I have successfully installed GEMMA on my home directory, and this v0.97 fixed the NaN error. Everything works now! However, I am getting some noisy messages starting with "**** DEBUG". These noisy message would probably be cleared up for the formal v0.97 release, right?

pjotrp commented 7 years ago

Thanks for the report. That error should not happen. Can you send me the result of cat /proc/version on a cluster node? I'll try to replicate it in a VM.

I'll try and fix it next week. If you need to run faster, best have your system support build GEMMA from source to get the latest.

666wisteria commented 7 years ago

This is what I got:

[xiz152@tscc-login1 New_filtering]$ cat /proc/version Linux version 2.6.32-696.10.3.el6.x86_64 (mockbuild@c1bl.rdu2.centos.org) (gcc version 4.4.7 20120313 (Red Hat 4.4.7-18) (GCC) ) #1 SMP Tue Sep 26 18:14:22 UTC 2017

pjotrp commented 7 years ago
./gemma: /opt/gnu/gcc/lib64/libstdc++.so.6: versionGLIBCXX_3.4.21' not found (required by ./gemma)`

the cluster is probably overriding the shared library path, such as LD_LIBRARY_PATH in some Unix module. Please try again after logging in without a profile. On the host:

    env -i /bin/bash --login --noprofile --norc
    ./gemma
pcarbo commented 7 years ago

@666wisteria The installer worked for me on Linux (CentOS 7). Can you try it again? If it isn't working, please run

echo $LIBRARY_PATH
echo $LD_LIBRARY_PATH

and send us the output. Also, after installing the software, are you running the software on the exact same machine? This glibc error often occurs when a software is built on one operating system and run on a different one.

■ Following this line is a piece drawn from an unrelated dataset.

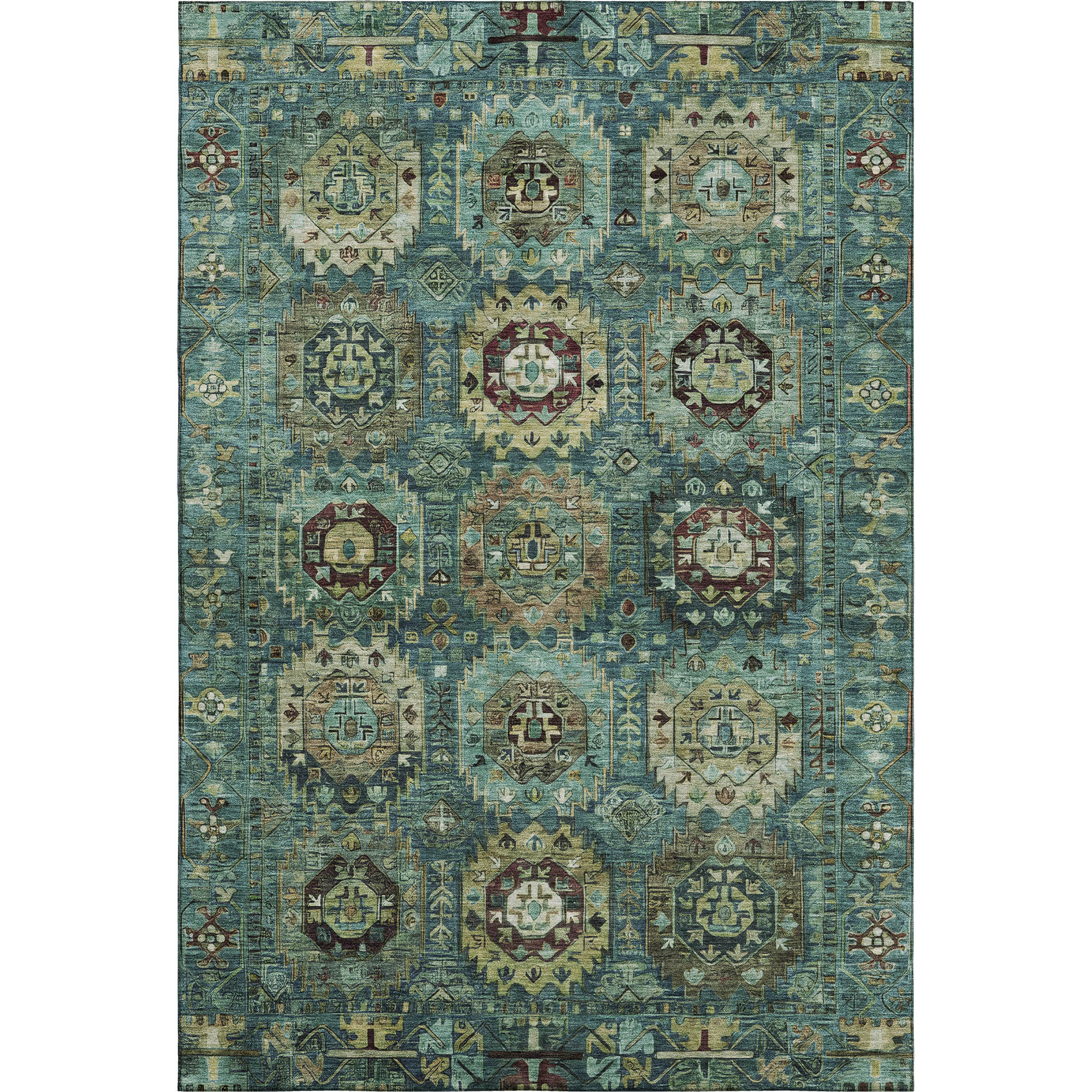 Add great coloration and comfortable texture to your space with this 5-foot x 8-foot teal and brown medallion washable area rug with uv protection. Ideal for spaces with kids and pets, this rug is stain resistant to help repel dirt and spilled liquids. Built to last, this rug crafted from polyester fibers is known for its durability and long lasting appeal. Rugs are a great way to showcase your style, hide imperfections, warm your home and reduce noise. This larger sized, traditional styled rug is ready to create a focal point or statement piece in your room. 60.00-inch h x 90.00-inch w x 0.39-inch d.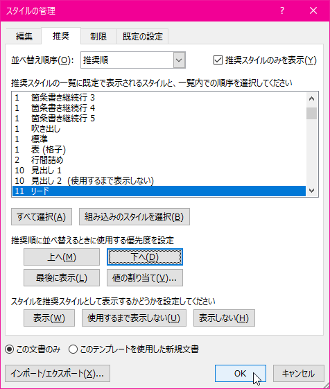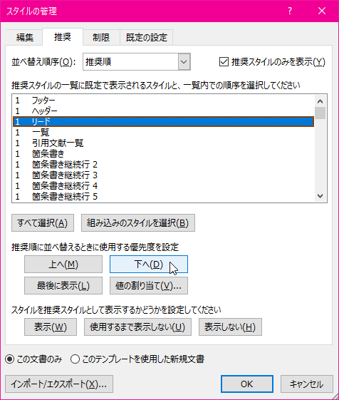 - 順序を変更したいスタイルを選択して[上へ]または[下へ]ボタンをクリックします。

666wisteria commented 7 years ago

Are we talking about the install error or the ****DEBUG error messages? I don't have the install problems, but the lab bioinformatician had problem installing it on the cluster for the whole lab. I'll ask her about that and reply back.

pcarbo commented 7 years ago

@666wisteria Yes, I'm referring to the outstanding problem that your lab bioinformatician is having. Perhaps she can reply to this thread directly.

pjotrp commented 7 years ago

As this is no longer development, please continue on the mailing list https://groups.google.com/forum/#!forum/gemma-discussion

pcarbo commented 7 years ago

@666wisteria Yes, please have your colleague post to the mailing list---we are migrating all Q&A and discussion (except for bug reports and development-related discussion) to the GEMMA mailing list. Please see:

https://groups.google.com/group/gemma-discussion

(Note it is easy to unsubcribe at any point.)